HOW TO COMPLETE THIS TASK: Give back all of the data exactly as it stands, with the pictures removed.

RECORDED INFORMATION:
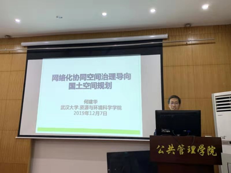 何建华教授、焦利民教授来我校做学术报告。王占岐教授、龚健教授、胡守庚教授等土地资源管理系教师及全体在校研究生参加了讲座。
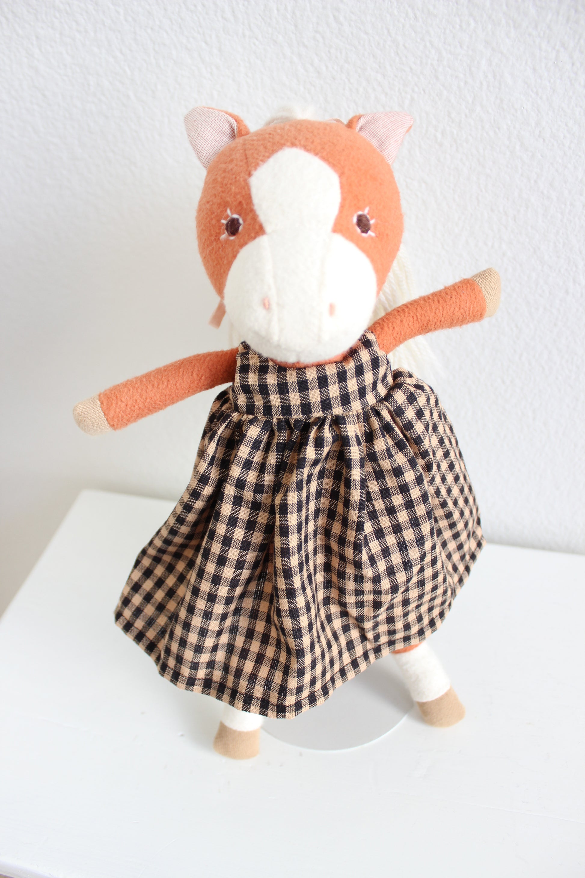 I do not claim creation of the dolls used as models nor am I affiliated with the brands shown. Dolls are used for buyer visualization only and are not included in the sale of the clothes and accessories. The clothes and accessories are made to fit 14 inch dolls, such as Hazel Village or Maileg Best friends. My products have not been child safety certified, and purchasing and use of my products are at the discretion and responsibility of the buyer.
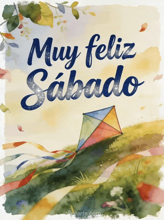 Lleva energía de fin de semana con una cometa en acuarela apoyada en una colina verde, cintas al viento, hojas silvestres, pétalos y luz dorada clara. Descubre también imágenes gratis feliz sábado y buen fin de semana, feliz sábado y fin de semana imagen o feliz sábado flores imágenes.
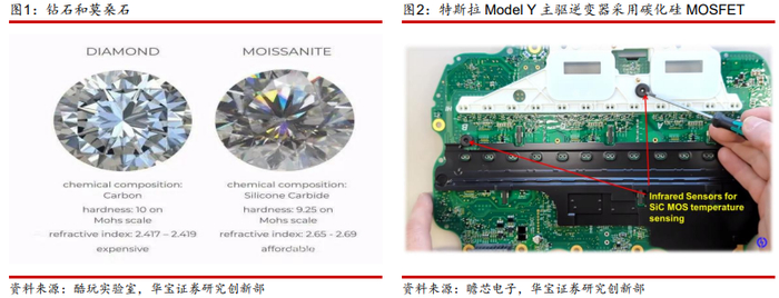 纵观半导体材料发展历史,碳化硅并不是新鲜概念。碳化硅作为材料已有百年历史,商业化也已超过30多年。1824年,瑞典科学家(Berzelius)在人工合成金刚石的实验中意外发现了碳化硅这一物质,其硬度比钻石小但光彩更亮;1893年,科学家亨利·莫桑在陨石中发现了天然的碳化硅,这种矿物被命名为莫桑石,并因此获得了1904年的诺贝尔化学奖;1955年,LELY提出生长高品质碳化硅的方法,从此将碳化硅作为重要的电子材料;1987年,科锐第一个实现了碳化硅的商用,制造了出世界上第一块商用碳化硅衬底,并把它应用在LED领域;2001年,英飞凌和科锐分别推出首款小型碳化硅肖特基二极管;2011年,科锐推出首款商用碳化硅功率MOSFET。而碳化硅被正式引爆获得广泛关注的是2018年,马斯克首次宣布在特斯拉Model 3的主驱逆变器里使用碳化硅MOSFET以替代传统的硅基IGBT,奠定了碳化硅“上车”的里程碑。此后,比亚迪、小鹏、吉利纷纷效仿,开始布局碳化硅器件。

ANSWER SPACE:
 何建华教授、焦利民教授来我校做学术报告。王占岐教授、龚健教授、胡守庚教授等土地资源管理系教师及全体在校研究生参加了讲座。
 I do not claim creation of the dolls used as models nor am I affiliated with the brands shown. Dolls are used for buyer visualization only and are not included in the sale of the clothes and accessories. The clothes and accessories are made to fit 14 inch dolls, such as Hazel Village or Maileg Best friends. My products have not been child safety certified, and purchasing and use of my products are at the discretion and responsibility of the buyer.
 Lleva energía de fin de semana con una cometa en acuarela apoyada en una colina verde, cintas al viento, hojas silvestres, pétalos y luz dorada clara. Descubre también imágenes gratis feliz sábado y buen fin de semana, feliz sábado y fin de semana imagen o feliz sábado flores imágenes.
 纵观半导体材料发展历史,碳化硅并不是新鲜概念。碳化硅作为材料已有百年历史,商业化也已超过30多年。1824年,瑞典科学家(Berzelius)在人工合成金刚石的实验中意外发现了碳化硅这一物质,其硬度比钻石小但光彩更亮;1893年,科学家亨利·莫桑在陨石中发现了天然的碳化硅,这种矿物被命名为莫桑石,并因此获得了1904年的诺贝尔化学奖;1955年,LELY提出生长高品质碳化硅的方法,从此将碳化硅作为重要的电子材料;1987年,科锐第一个实现了碳化硅的商用,制造了出世界上第一块商用碳化硅衬底,并把它应用在LED领域;2001年,英飞凌和科锐分别推出首款小型碳化硅肖特基二极管;2011年,科锐推出首款商用碳化硅功率MOSFET。而碳化硅被正式引爆获得广泛关注的是2018年,马斯克首次宣布在特斯拉Model 3的主驱逆变器里使用碳化硅MOSFET以替代传统的硅基IGBT,奠定了碳化硅“上车”的里程碑。此后,比亚迪、小鹏、吉利纷纷效仿,开始布局碳化硅器件。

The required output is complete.